Not at all. Its a lot more used than people think. If it can benefit from SSE it can benefit from AVX. You also got compilers with autovectorization including MS.
https://msdn.microsoft.com/en-us/library/hh872235.aspx
so what are some real world applications then and how does this really affect the average user? why do you really care so much? tell us why we should, in normal laymen's terms.
beside, all the remours ive seen say it supports 256 and 512bit avx anyways. we haven't seen those demoed so I don't get what you are trying to prove without that info. reguardless, as I said before, it wasn't demoed nor offered as a challenge.
 
so what are some real world applications then and how does this really affect the average user? why do you really care so much? tell us why we should, in normal laymen's terms.
beside, all the remours ive seen say it supports 256 and 512bit avx anyways. we haven't seen those demoed so I don't get what you are trying to prove without that info. reguardless, as I said before, it wasn't demoed nor offered as a challenge.

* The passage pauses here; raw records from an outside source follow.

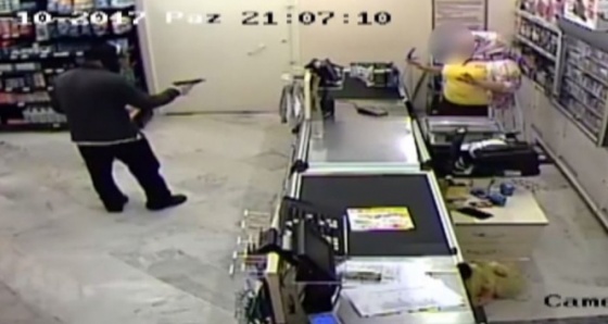 Güvenlik kamerası görüntülerinde yüzüne maske taktığı görülen soyguncunun tüm gasplarına bir elinde silahı, diğer elinde market poşetiyle gitmesi dikkat çekiyor. Bir görüntüde mesai saatinin bitmiş olması nedeniyle girişi kilitli olan kapıdan girmeye çalışan şüpheli, bir süre kapıyı zorladıktan sonra çıkış kapısına yöneliyor. Market çalışanı soyguncuyu fark ederek açık olan kapıyı kapatmaya çalışıyor ancak soyguncu silah zoruyla görevliye engel oluyor.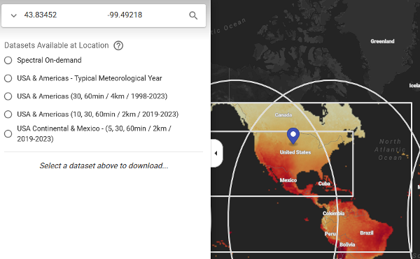 The location 43.83452,-99.49218 is in the U.S., so is covered by GOES V4.0.0, which is labelled on the map as "USA & Americas (30, 60min / 4 km / 1998-2023)":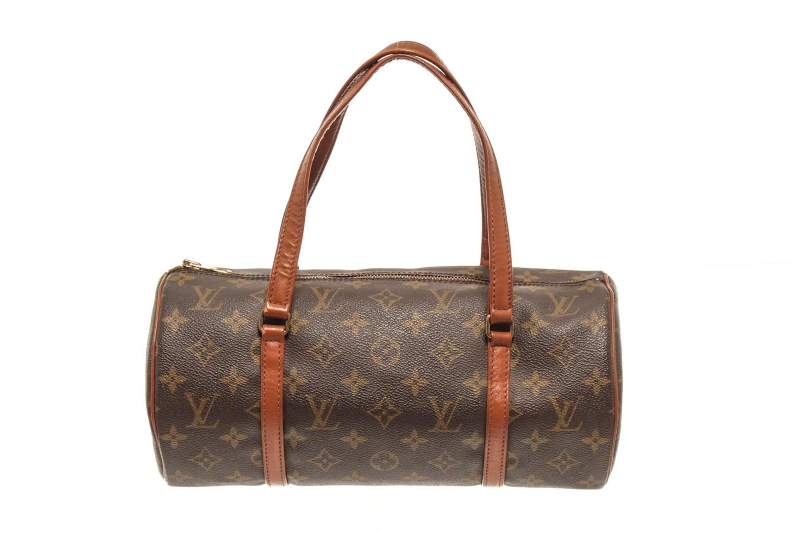 One Louis Vuitton Brown Monogram Canvas Papillon Bag. Item is sold AS-IS. All available information is listed in the description and shown in the photo. Louis Vuitton Brown Monogram Canvas Papillon Bag with top handle, leather lining, gold tone hardware and zipper closure. Height: 5.7" Width: 11.8" Depth: 5.7", Handle Drop: 6.3" / 14.47 x 29.97 x 14.47 Cm
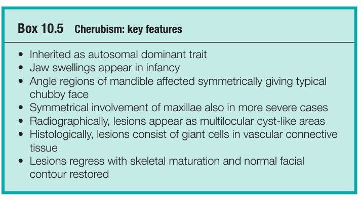 Cherubism causes multiple multilocular bone lesions in the mandible and maxilla that start in childhood, enlarge and then regress.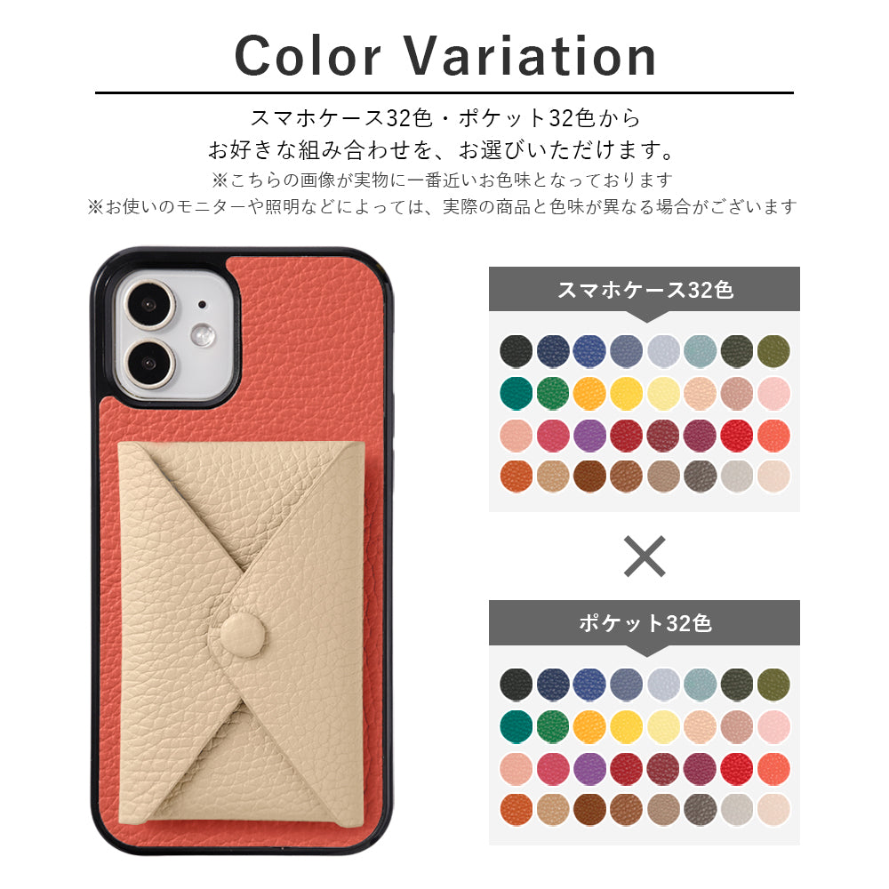 ケースとポケットそれぞれのカラーをお選びいただけるので組み合わせをお楽しみください。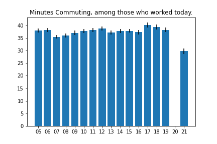 Some attempts to extract summary statistics about commuting and working from home from the American Time Use Survey.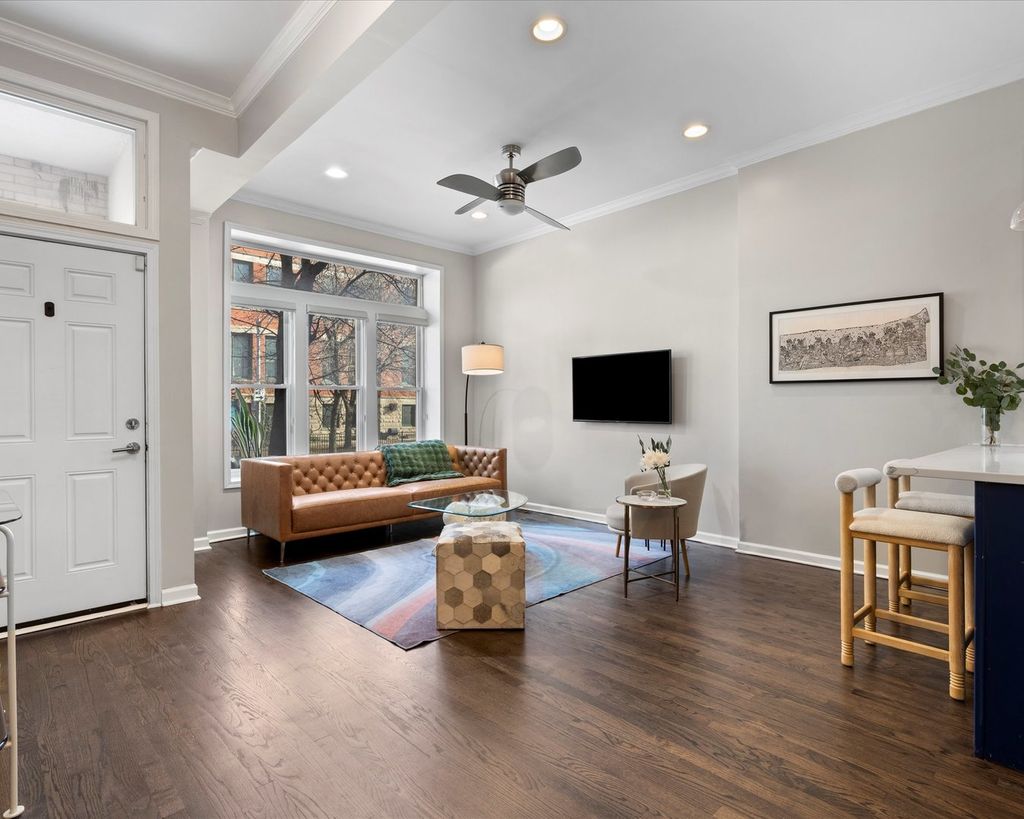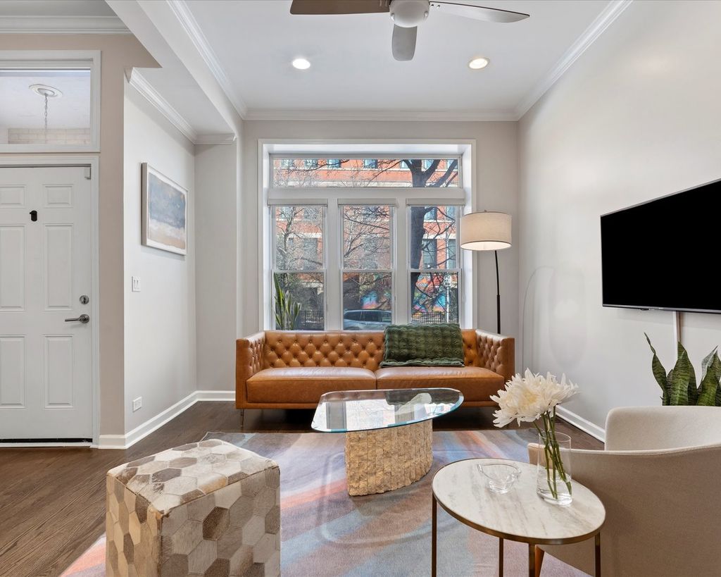 Welcome to 514 N Armour, Unit 1F, an impeccably updated duplex-down residence offering expansive living space and thoughtful upgrades all tucked into a quiet, tree-lined pocket of West Town. This well-appointed 2 bed, 2 bath home delivers seamless functionality across two levels, with multiple living areas and a layout ideal for modern city living. The main level centers around a fully renovated kitchen with contemporary cabinetry, quartz countertops, marble backsplash, and a complete suite of new GE Cafe appliances with custom hardware. Open-concept living and dining areas are bright and offer various layout options. Freshly refinished red Oak hardwood flooring and fresh paint throughout. The spacious primary suite includes custom Elfa closet systems and a beautifully remodeled primary bath including a standing shower with arched entry, updated designer tile, vanity, and fixtures. Downstairs, a large family room with gas fireplace provides a warm secondary gathering space perfect for entertaining. The second bedroom and second full bath offer ideal accommodations for guests, office use, or additional living needs. Additional upgrades include a new front-loading LG washer/dryer and new 50-gallon water heater. Garage parking and a separate storage closet included. Located within close proximity to parks, public transportation, and 5 minutes from the vibrant West Loop, this home offers exceptional value and a flexible footprint in one of Chicago's most sought-after neighborhoods.

Its already explained in the previous post.

512bit AVX is only Xeon Phi and Skylake-EP.

256bit AVX is supported, but it takes 2 cycles. Haswell, Skylake, Kaby Lake and Xeon Phi does it in 1 cycle.

AMDs own slides also confirms it.
Zenuarch.png

FloatingPoint-Zen.png


One of the issues with single cycle execution is it requires a lot of bandwidth in the caches. And that uses power.
sandra-bw.gif
 
Last edited:
Just ran it in Mac OS Sierra on my Mac Pro. I'm rather surprised that Westmere holds its own so well in these sorts of tests.

Xeon X5680 3.33Ghz: 51.11 sec
 
Its already explained in the previous post.

512bit AVX is only Xeon Phi and Skylake-EP.

256bit AVX is supported, but it takes 2 cycles. Haswell, Skylake, Kaby Lake and Xeon Phi does it in 1 cycle.

AMDs own slides also confirms it.

One of the issues with single cycle execution is it requires a lot of bandwidth in the caches. And that uses power.
I haven't seen anything but arguing and honestly skipped a bunch. I just want a simple answer not "go look for it". I don't see why I should care about all this, so tell me why we should care, in easy simple terms. cause those slide don't really mean shit to me and I don't see this two cycles part youre hung up on. so explain it in simple terms, why should we care? does it improve encoding, make games faster? or is it only for like med research, f@h and shit that normal people don't use? instead of tech-babble make it clear and simple.

honestly to me it just seems like you are grasping at anything and everything that will take away from the good and make it look bad.
 
I haven't seen anything but arguing and honestly skipped a bunch. I just want a simple answer not "go look for it". I don't see why I should care about all this, so tell me why we should care, in easy simple terms. cause those slide don't really mean shit to me and I don't see this two cycles part youre hung up on. so explain it in simple terms, why should we care? does it improve encoding, make games faster? or is it only for like med research, f@h and shit that normal people don't use? instead of tech-babble make it clear and simple.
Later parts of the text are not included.